### Dataset excerpts ###

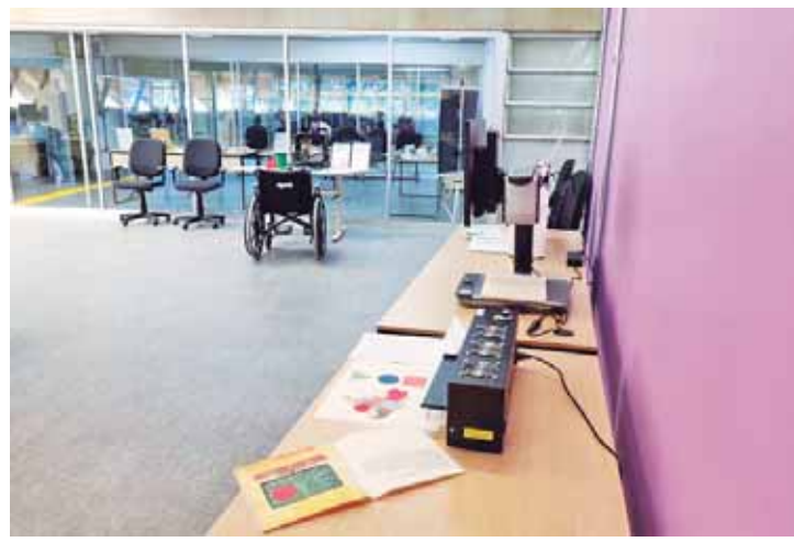
Ambiente é mais inclusivo e adequado às necessidades acadêmicas
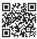
↑ラブラッドアクセスQRコード

★ラブラッドのアプリができました。 電話予約 予約受付フリーダイヤル0120-0892-760 (平日の午前9時～午後5時)にご連絡ください。
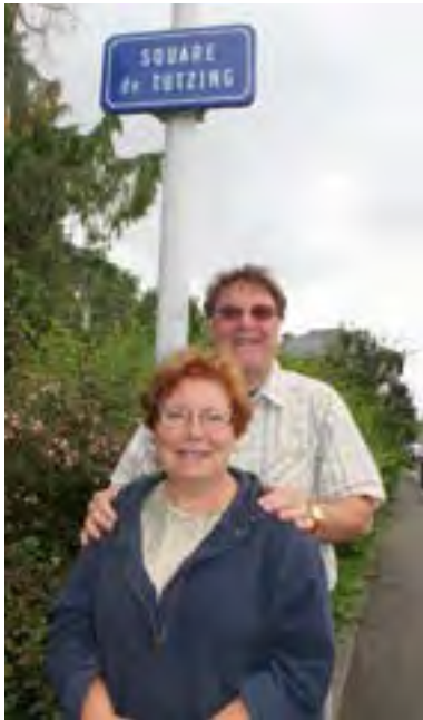
Auf Stippvisite in der französischen Partnerstadt

40 Jahre Partnerschaft zwischen den Gemeinden Bagnères-de-Bigorre in Südfrankreich und Tutzing – das war ein Grund für 25 Tutzinger Künstler(innen), eine gemeinsame Ausstellung im Tutzinger Rathaus unter dem Titel „Rendezvous – Kunst verbindet“ zu gestalten. Dazu gelang es, auch zwei Maler(innen) aus Bagnères des Bigorre zur Teilnahme zu verpflichten.
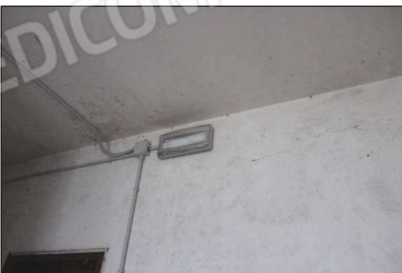
35. Illuminazione di emergenza
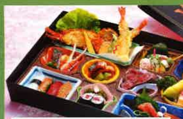
653 お持ち帰り箱御膳会席 31.5×44cm 5,200円(税別)
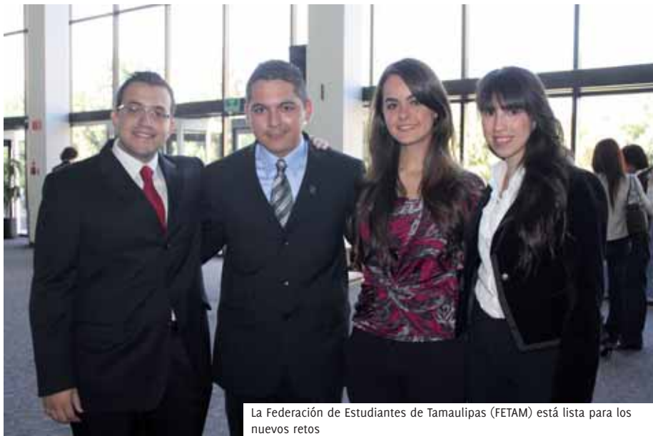
La Federación de Estudiantes de Tamaulipas (FETAM) está lista para los nuevos retos
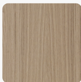
Tekstura powierzchni Fornir
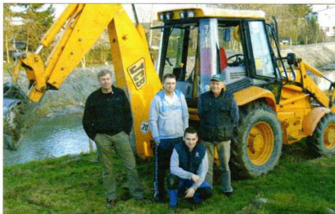
Izmuljivanje rijeke Plitvice
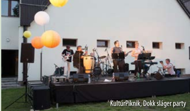
KultúrPiknik, Dokk sláger party
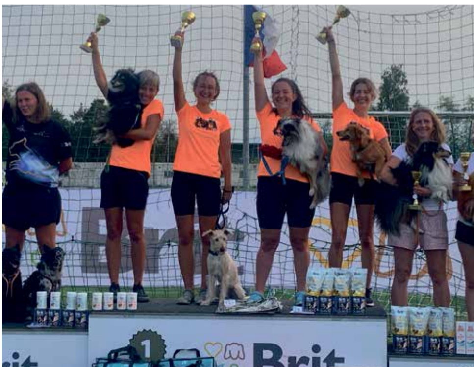
Mistrovství ČR v agility, které hostila minulý týden Mohelnice, zná své mistry pro letošní rok. Na snímku jsou mistři družstev kategorie M. Další mistrovství, tentokrát však plemene sheltie by mělo proběhnout už v sobotu 21. září v Nových Zámčích v areálu Dvora Nové Zámky u Litovic.
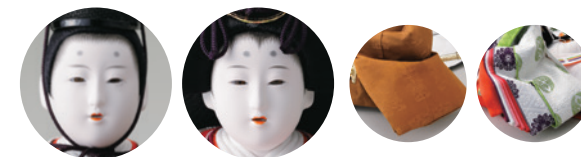
宮中の最高位の方が着用する「黄櫨染」 こうろぜん を男雛に着せ付けました。京雛の伝統を継承するおひな様です。 9 大橋弐峰作 衣裳着親王飾り一式 (70×37×高さ33cm) 385,000円 WEB #4F11-TF-300
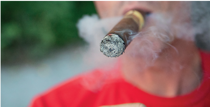
Eén van de do's.
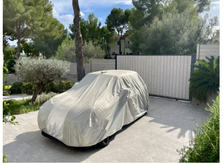
Cocina integrada con sala de estar
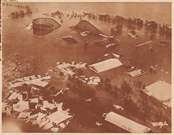
Das war der Vergessenspark in Cincinnati, der Hauptstadt des Staates Ohio am oberen Ohio, etwa 200 Kilometer oberhalb Louisville. Wie auf dieser Straße von 200 Kilometern am Fluss liegt, ist überschwemmt, ebenso die Städte, welche 1000 und 2000 Kilometer weiter abwärts am Strom liegen.
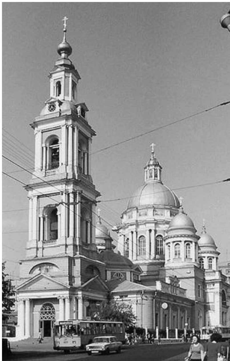
Богоявленский собор в Елохове

Именно из центра Москвы 22 июня 1941 г., т. е. в первый же день войны, сразу после сообщения советского правительства о начале войны митрополит Сергей (И.Н. Страгородский, 1867–1944) обратился ко всему народу страны, ко всем верующим, с патриотическим воззванием. Гораздо позже, только 3 июля, состоялось первое выступление И.В. Сталина по радио после его длившегося с 22 июня молчания. Он явно учел слова обращения к верующим митрополита Сергея. Партийный лидер тех лет впервые говорил с советским народом из Кремля в совершенно необычном для него тоне, взывал к патриотическим чувствам людей. Он обратился к соотечественникам в абсолютно не свойственной ему манере: «Товарищи! Граждане! Братья и сестры!..» – т. е. констатировал, что именно нравственно-духовные силы должны объединить народ и привести его к победе над врагом. В стране в 1943 г. возродилось патриаршество. (На Руси патриаршество было введено в 1589 г., в 1700 г. царь Петр I отменил его; патриаршество было возрождено в 1917 г., когда был выбран патриарх Тихон, но со смертью патриарха Тихона оно было фактически отменено, так как в 1925–1943 гг. был только Местоблюститель Патриаршего престола.)

###

## Description of the task
Your answer must be the exact lines from the records above, from the one containing "35. Illuminazione di emergenza" through the one containing "Богоявленский собор в Елохове", both included, with every picture left out.

## The completed task
35. Illuminazione di emergenza
653 お持ち帰り箱御膳会席 31.5×44cm 5,200円(税別)
La Federación de Estudiantes de Tamaulipas (FETAM) está lista para los nuevos retos
Tekstura powierzchni Fornir
Izmuljivanje rijeke Plitvice
KultúrPiknik, Dokk sláger party
Mistrovství ČR v agility, které hostila minulý týden Mohelnice, zná své mistry pro letošní rok. Na snímku jsou mistři družstev kategorie M. Další mistrovství, tentokrát však plemene sheltie by mělo proběhnout už v sobotu 21. září v Nových Zámčích v areálu Dvora Nové Zámky u Litovic.
宮中の最高位の方が着用する「黄櫨染」 こうろぜん を男雛に着せ付けました。京雛の伝統を継承するおひな様です。 9 大橋弐峰作 衣裳着親王飾り一式 (70×37×高さ33cm) 385,000円 WEB #4F11-TF-300
Eén van de do's.
Cocina integrada con sala de estar
Das war der Vergessenspark in Cincinnati, der Hauptstadt des Staates Ohio am oberen Ohio, etwa 200 Kilometer oberhalb Louisville. Wie auf dieser Straße von 200 Kilometern am Fluss liegt, ist überschwemmt, ebenso die Städte, welche 1000 und 2000 Kilometer weiter abwärts am Strom liegen.
Богоявленский собор в Елохове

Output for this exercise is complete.